Las Vegas Sun

April 26, 2024

WHERE I STAND:

Failure to act to save the Colorado means we all lose

Lake Mead Water Levels

Southern Nevada Water Authority via AP

This photo taken Monday, April 25, 2022, by the Southern Nevada Water Authority shows the top of Lake Mead drinking water Intake No. 1 above the surface level of the Colorado River reservoir behind Hoover Dam.

Editor’s note: As he traditionally does around this time every year, Brian Greenspun is turning over his Where I Stand column to others. Today’s guest is Pat Mulroy, former general manager of the Southern Nevada Water Authority, currently president and CEO of Sustainable Strategies and a member of the Wynn Resorts board of directors.

The year was 2002 … it marked the moment when Southern Nevada’s water reality changed forever.

The Colorado River had always experienced years with less-than-normal snowpack, but since the completion of the dam system, it had not experienced 25% of normal runoff. Lake Powell crashed, signaling the onset of a much drier future for a river that everyone had taken for granted.

Southern Nevada’s response was remarkable, transforming itself from the poster child of water waste to the global example of urban water conservation. Unprecedented cooperation emerged among the states and two countries that rely on this resource, and the world watched in awe. Even at that time, we realized that this was more than a drought, and we were experiencing the onset of the consequences of climate change — the speed at which the aridification has occurred was not baked into the forecast.

So here we are just 20 years later and effects that were expected in 2050 or beyond are upon us. And once again the response must be multifaceted … more aggressive conservation, even greater interstate and international cooperation in the short term and a strategic approach to augmentation that looks to stabilize the entire system.

Southern Nevadans, and particularly our business community, are being asked to institute even stricter conservation measures, whether it’s the elimination of future evaporative coolers, restricting pool sizes or reducing golf course water use even further.

We, however, have one major advantage in this area over our neighboring states with Southern Nevada generating “return flow credits” to the Colorado River. This is done by treating and returning all Colorado River water used indoors back to Lake Mead.

So, for example, the fact that the resort industry takes large amounts of municipal water doesn’t have the impact many assume since the vast majority is returned and reused. This is especially true of properties that have old historic groundwater rights that are used for their golf courses, water features and evaporative cooling; in other words, using water that cannot generate a return flow credit because that water didn’t come from the river.

The measures are being viewed by many as severe, but the harsh reality is that if we want our community to enjoy economic prosperity and simply survive, we have no alternative at the moment. Among the states, the near-term solutions are no less painful. At the moment, all we can do is reduce the aggregate use in both the Upper and Lower Basin of the river to at least partially refill Lakes Powell and Mead.
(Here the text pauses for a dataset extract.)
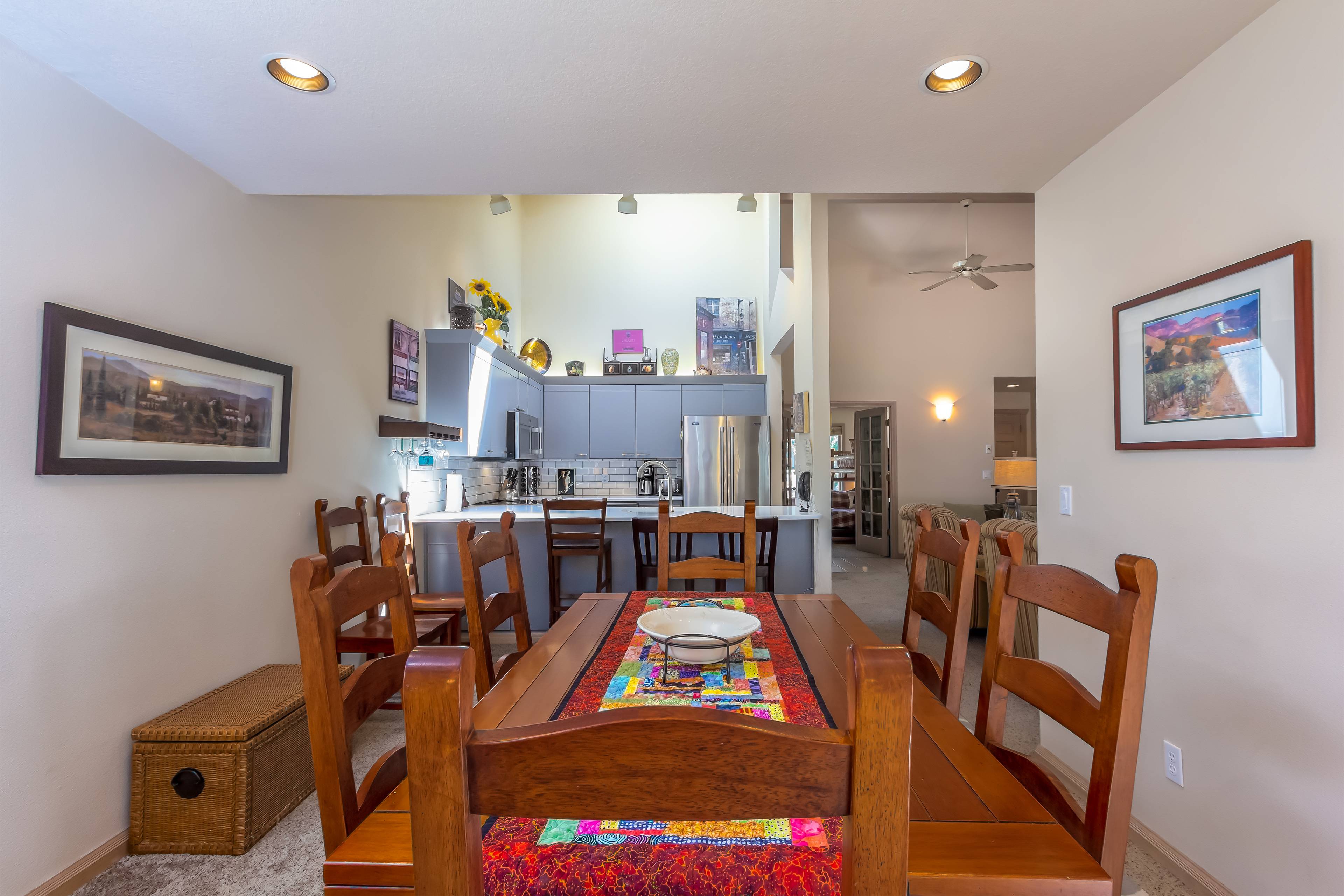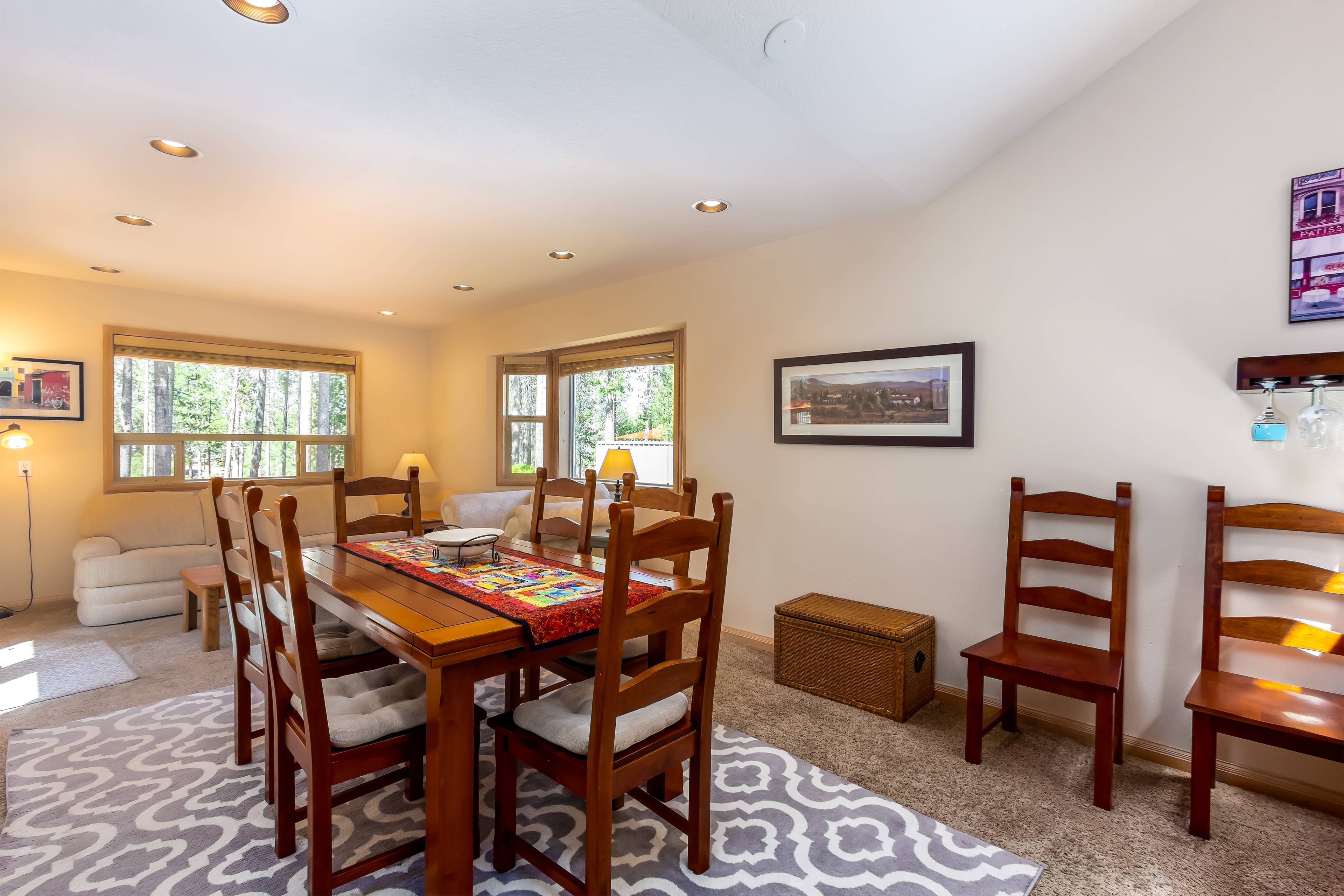 This is a spacious, single level home in the heart of Sunriver. This property has 4 bedrooms, 2 bathrooms, and a fantastic back deck. The light and bright living room boast a new flat screen TV, portable A/C, a cozy gas fireplace and plenty of seating. The adjacent dining room seats 8 and the kitchen holds all the equipment you'll need to whip up your family favorites.

Congress, due to the leadership being shown by our senators, is providing much needed capital to lease water from farmers and fund additional conservation measures to fill the reservoirs and avoid the worst.

It is hard to imagine that next year Lake Mead could actually drop to elevation 1,000 — a mere 100 feet above the point at which no water can go downstream from Hoover Dam. Although Southern Nevada will still be able to access river water because we built the deep intake, California, Arizona and Mexico would receive no water from the Colorado River.

This is neither the time for hyperbole politics nor the blame game; if there was ever a time for statesmanship among the river’s partners it is now. There will be no winners and losers; unless a new level of mutual aid is found, we all lose.

As we struggle through these next difficult years, one point is for certain: Work must begin on a long-term solution that brings stability back to the river. That stability cannot be achieved without augmenting the system by developing a reliable water supply that can supplant some of the river’s current uses.

There must be some carefully developed ocean desalination. I am painfully aware that there isn’t a water project that doesn’t have its opponents but saying “no” to everything is not an option. Those that seek to protect the environment by opposing solutions will find they are destroying the very environment they seek to protect. The question isn’t whether we develop a new supply, but how we do it in a way that also brings environmental relief, protects communities and makes us less vulnerable to climatic vicissitudes. Whatever the project, it must benefit the entire Colorado River community. It will be expensive, but the question isn’t whether we, as a river community, can afford it, but rather whether we can afford to not pursue it.

Despite some dire predictions, I, as always, remain an optimist. I watched our river community come together when it felt like it would never happen. It is not a time to panic, but to act. Once again, the world will observe this amazing community with awe because it has always shown unmatched resilience and the ability to overcome adversity. Each time, it has acted with determination and emerged even stronger. And this challenge will once again prove our ability to adapt and serve as a model for the rest of the world to follow.